# Zilla Killas Targets Acquired



## primetime76 (Feb 8, 2011)

We have three targets and are looking for 15 bombers...we will send a 5 stick minimum per bomb and 5 bombers per victim.

1. Primetime76
2. Djangos
3. KCJason
4. KTBlunden
5. Rock31
----------
1. 
2.
3.
4.
5.
----------
1.
2.
3.
4.
5.


----------



## Rock31 (Sep 30, 2010)

:bathbaby:


----------



## BlackandGold508 (Jan 23, 2011)

Hell ya, put me down bro ! Lemme know the details !


----------



## primetime76 (Feb 8, 2011)

primetime76 said:


> We have three targets and are looking for 15 bombers...we will send a 5 stick minimum per bomb and 5 bombers per victim.
> 
> 1. Primetime76
> 2. Djangos
> ...


 ...


----------



## NoShhhSherlock (Mar 30, 2011)

The Zilla madness continues! :frusty:


----------



## max gas (Apr 11, 2011)

Will the madness ever end? ZK are on a bombing rampage. I want to hide in my basement until it's safe to come out. Can't wait to see the carnage!


----------



## 68 Lotus (Jan 13, 2011)

Let's kick the tires and Light the fires! :ss


----------



## piperdown (Jul 19, 2009)

I'm still in.


----------



## Oldmso54 (Jul 31, 2010)

Yeah - I'm in also


----------



## primetime76 (Feb 8, 2011)

primetime76 said:


> We have three targets and are looking for 15 bombers...we will send a 5 stick minimum per bomb and 5 bombers per victim.
> 
> 1. Primetime76
> 2. Djangos
> ...


Filling up quick...lookinng to launch on Monday May 9th. that's right folks...3 unsuspecting Puffers will be blasted out of the water that week with 5 bombs each!


----------



## Big Bull (Mar 22, 2011)

Zilla Killa's.......a elite task force designated to destroy multiple mailboxes with multiple shots....



I'M In:dude:


----------



## primetime76 (Feb 8, 2011)

primetime76 said:


> We have three targets and are looking for 15 bombers...we will send a 5 stick minimum per bomb and 5 bombers per victim.
> 
> 1. Primetime76
> 2. Djangos
> ...


6 more and we're good!


----------



## ktblunden (Oct 7, 2010)

primetime76 said:


> Filling up quick...lookinng to launch on Monday May 9th. that's right folks...3 unsuspecting Puffers will be blasted out of the water that week with 5 bombs each!

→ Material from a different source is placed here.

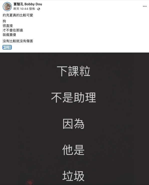 她以為這樣就能夠避免兩人有所爭執,直到有一天她覺得很疲憊,才選擇做回自己:「我輸了,我不要再演了!」黃嘉千也坦言這樣會傷害了丈夫。離婚消息傳出後,她的朋友竇智孔更在FB上暗指夏克立是垃圾:「下課粒 不是助理 因為 他是 垃圾」還留言說:「朋友家的狗咬人」疑似夏克立對不起黃嘉千,導致兩人婚姻破裂。
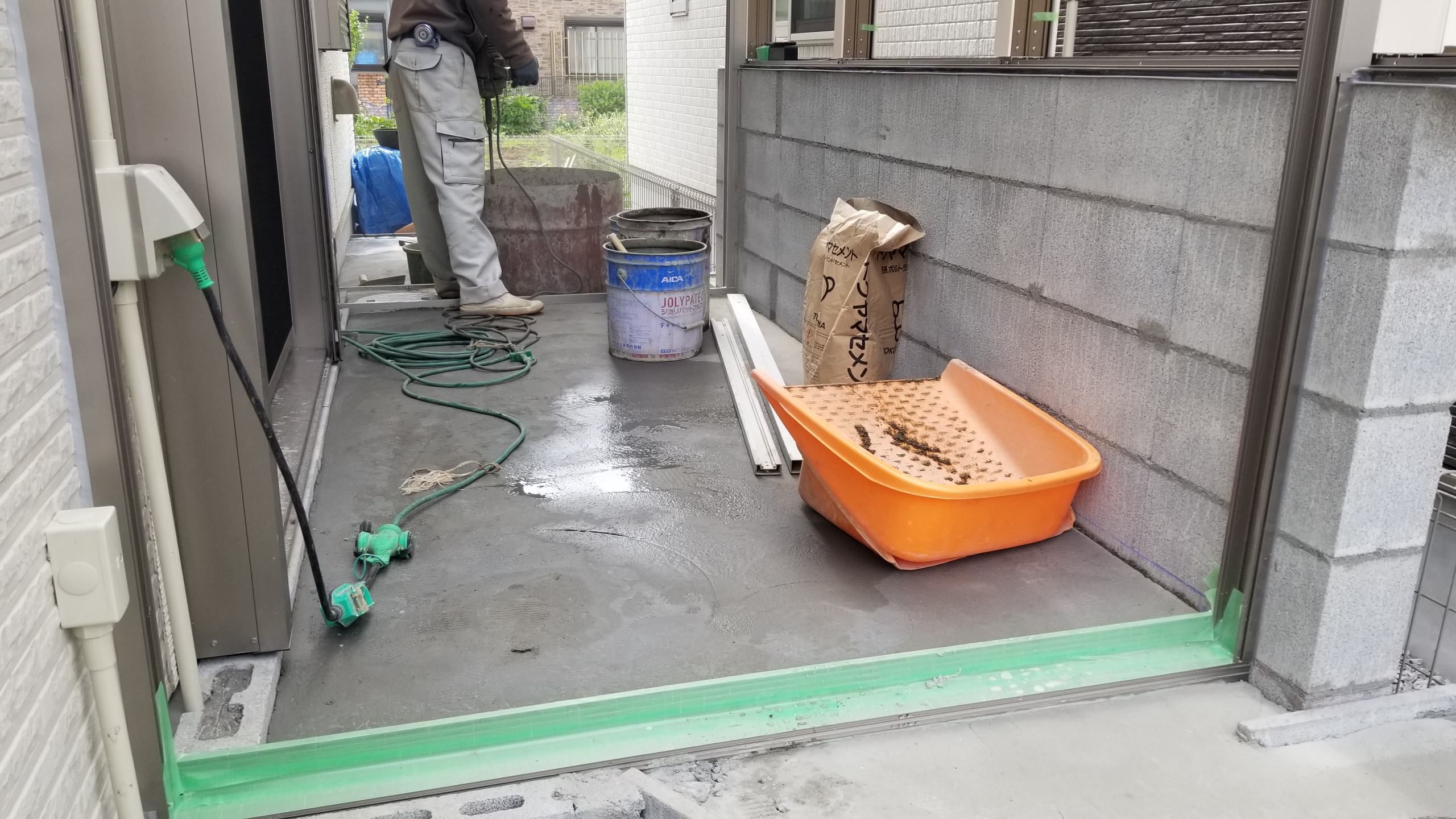 タイルを貼る厚みを逆計算、水勾配も計算の上、作業は黙々と進んでます。20190509_084519

Just FYI, I won't be home until late Tues the 10th, so mine will go out on the 11th.


----------



## Big Bull (Mar 22, 2011)

no worries Kevin.....they will think....hmmm i got off light and then BOOM:target:


more destruction:laugh:


----------



## Vicini (Oct 10, 2010)

Damn straight I'm in


----------



## piperdown (Jul 19, 2009)

Where are we at with this?
Is this the new thread from the nomination thread? 

So many ZK threads I'm losing track........


----------



## Oldmso54 (Jul 31, 2010)

piperdown said:


> Where are we at with this?
> Is this the new thread from the nomination thread?
> 
> So many ZK threads I'm losing track........


So far you, me, BlackandGold508(keith) and Big Bull (Benn) are in a group of 4, awaiting a 5th bomber to be assigned. I think once we get the 5th bomber - then we'll get our target via PM


----------



## Big Bull (Mar 22, 2011)

piperdown said:


> Where are we at with this?
> Is this the new thread from the nomination thread?
> 
> So many ZK threads I'm losing track........


One more in our group will have 2 targets locked in. We still need 5 more for the 3rd target.......

Come on Zilla Killa's!!

Lock and load......let's destroy more houses!!!:target::target::target:

:hurt::hurt::hurt:


----------



## djangos (Mar 14, 2011)

I am in the first group but no target info acquired from HQ...... Finger itching...... Must pull! Must resist!


----------



## Jeff10236 (Nov 21, 2010)

Haha, that's a great idea. Three targets, so you can recruit someone to join in, they'll think they are safe as they're one of the bombers, and boom, they're hit too. That's terrific!


----------



## primetime76 (Feb 8, 2011)

Instructions for 2 bombings going out today! Stay tuned...


----------



## BlackandGold508 (Jan 23, 2011)

Mission Received !!! Thank You Sir !!


----------



## Rock31 (Sep 30, 2010)

you guys suck!


----------



## piperdown (Jul 19, 2009)

Rock31 said:


> you guys suck!


Well, of course! How else are you supposed to smoke a cigar...by blowing?


----------



## primetime76 (Feb 8, 2011)

piperdown said:


> Well, of course! How else are you supposed to smoke a cigar...by blowing?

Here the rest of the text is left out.